The Conjuring House Revisited: What I Really Think About One of America's Most Infamous Haunted Locations
“Confirmation bias is the single biggest enemy of legitimate paranormal research, and nowhere is that more dangerous than at a location with this much cinematic mythology attached to it. Walking in expecting to find what you saw on screen isn't investigating — it's performing.”
— Jason Hawes
Few locations in the paranormal world carry as much weight — or as much baggage — as the Conjuring House in Harrisville, Rhode Island. When I sat down with fans and fellow investigators to talk through this location and field your questions live, it was clear that people have strong feelings about this place. So let me give you my honest, unfiltered take.
I've been doing this work for a long time, and one thing I've learned is that reputation and reality don't always line up. The Conjuring House — made famous by the 2013 horror film based on Ed and Lorraine Warren's investigation of the Perron family in the 1970s — is a perfect example of a location where the legend has grown so large that it's almost impossible to separate fact from fiction. That's exactly why I wanted to open up a conversation with you all and dig into what we actually know versus what Hollywood has sold us. When I go into any location, my first job is to disprove the haunting. That's not cynicism — that's respect for the truth.
The history of the property is genuinely interesting, and I'll give it that much. The farmhouse dates back to the early 1800s, and the land itself has a layered history that predates the Perron family's time there. When families report experiences over a sustained period — years, not just a single night — that warrants serious attention. What I always look for are patterns: Are the reports consistent? Are there environmental factors like geological fault lines, high EMF from outdated wiring, infrasound from nearby sources, or structural issues that could explain what people are experiencing? These aren't dismissals. They're answers, and families deserve real answers. During our live discussion, a lot of you asked whether I think the current owners' experiences are credible. My honest answer is that I take any long-term resident's account seriously. They have nothing to gain from fabrication and everything to lose — their peace of mind, their sleep, their sense of home.

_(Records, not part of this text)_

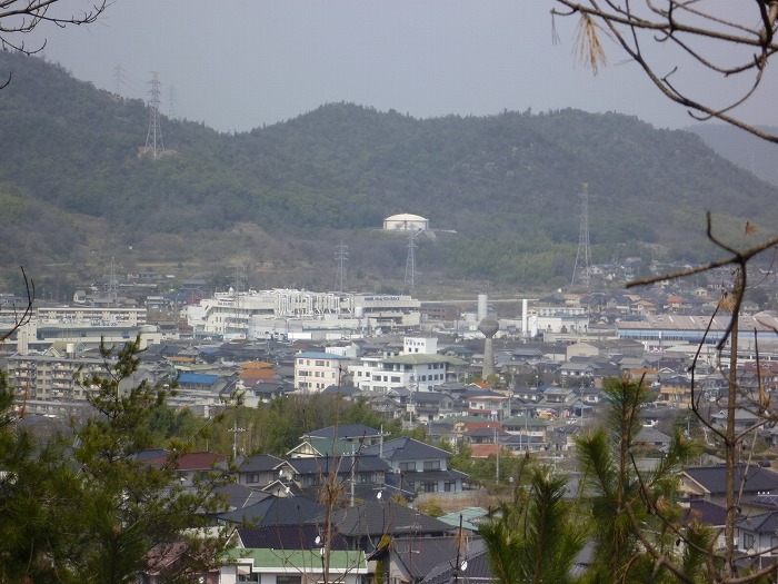 墓地から見る絵師方面。正面はロームワコーの工場。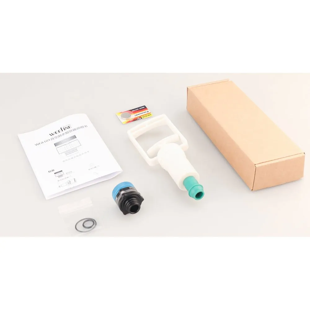 Sukella luottavaisin mielin! Weefine-tyhjiöjärjestelmä on välttämätön sukellusta edeltävä tarkistus täydellisesti tiivistetylle vedenalaiselle kamerakotelolle. Tämä sarja, joka sisältää kestävän anodisoidun alumiiniventtiilin ja helppokäyttöisen tyhjiöpumpun, antaa sinun varmistaa kotelosi tiiviyden pinnalla. Poista yksinkertaisesti ilma, kunnes LED-merkkivalo muuttuu vihreäksi. Jos se pysyy vihreänä 10 minuuttia, arvokas varusteesi on turvassa ja valmis jopa 100 metrin syvyyksiin. Varmista täydellinen istuvuus valitsemalla oikea sovitin (myydään erikseen) M14- tai M16-kotelollesi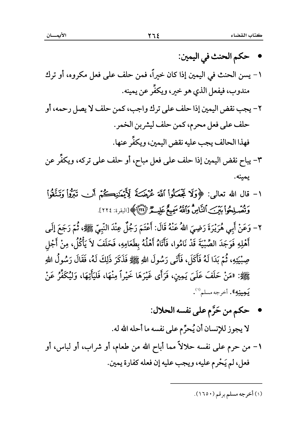 1 - من حرم على نفسه حلالاً مما أباح الله من طعام، أو شراب، أو لباس، أو فعل، لم يَحْرم عليه، ويجب عليه إن فعله كفارة يمين.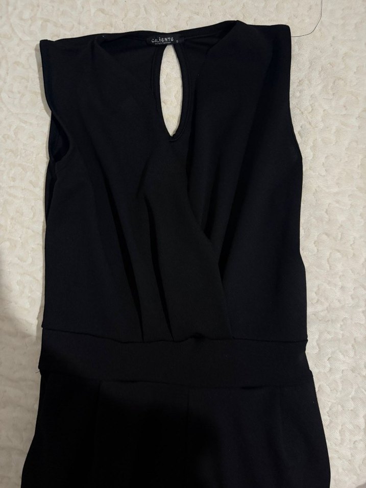 V yakalı, kolsuz ve uzun siyah tulum. Sayılı giyildi defosu yoktur 36 bedendir.
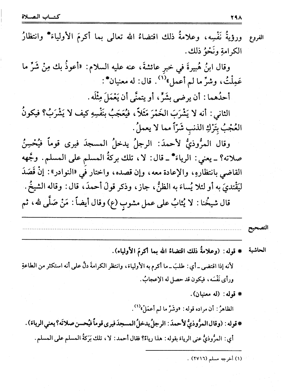 وَرُؤْيَةِ نَفْسِهِ، وَعَلَامَةُ ذَلِكَ اقْتِضَاءُ اللَّهِ تَعَالَى بِمَا أَكْرَمَ بِهِ الْأَوْلِيَاءَ، وَانْتِظَارُ الْكَرَامَةِ وَنَحْوُ ذَلِكَ. وَقَالَ ابْنُ هُبَيْرَةَ فِي خَبَرِ عَائِشَةَ عَنْهُ عَلَيْهِ السَّلَامُ: "أَعُوذُ بِك مِنْ شَرِّ مَا عَمِلْت، وَشَرِّ مَا لَمْ أَعْمَلْ"1. قَالَ: لَهُ مَعْنَيَانِ:

What I pushed back on during the stream — and what I'll always push back on — is the tendency to let a movie define an investigation. The Conjuring is a horror film. It is designed to frighten you. It takes liberties with timelines, amplifies events, and adds elements that were never part of the original case files. When investigators walk into that house expecting to find what they saw on screen, they're not investigating — they're performing. Confirmation bias is the single biggest enemy of legitimate paranormal research, and nowhere is that more dangerous than at a location with this much cinematic mythology attached to it. I've seen investigators go into locations like this and call everything evidence. That's not how we do things at TAPS, and it's not how I've ever operated.
The questions you all brought to the live session were genuinely great — ranging from specific claims made by previous investigators to the ethics of running a haunted destination out of someone's former home. I think it's worth asking those uncomfortable questions. Is it right to commodify a location where a family reportedly suffered? What responsibility do investigators and content creators have when they push narratives about a place that real people still interact with? These aren't questions with easy answers, but they're the ones that separate serious researchers from ghost tourists. My approach has always been the same whether I'm in a famous house or an anonymous warehouse: document everything, explain what you can, stay honest about what you can't, and never sensationalize someone else's fear for clicks or ratings.
The Conjuring House remains one of the most compelling — and most complicated — locations in American paranormal history, and that conversation with all of you reminded me why it's worth continuing to discuss seriously. My verdict hasn't changed: I keep an open mind, I demand evidence, and I refuse to let a movie poster substitute for a real investigation. If you've got more questions, you know where to find me.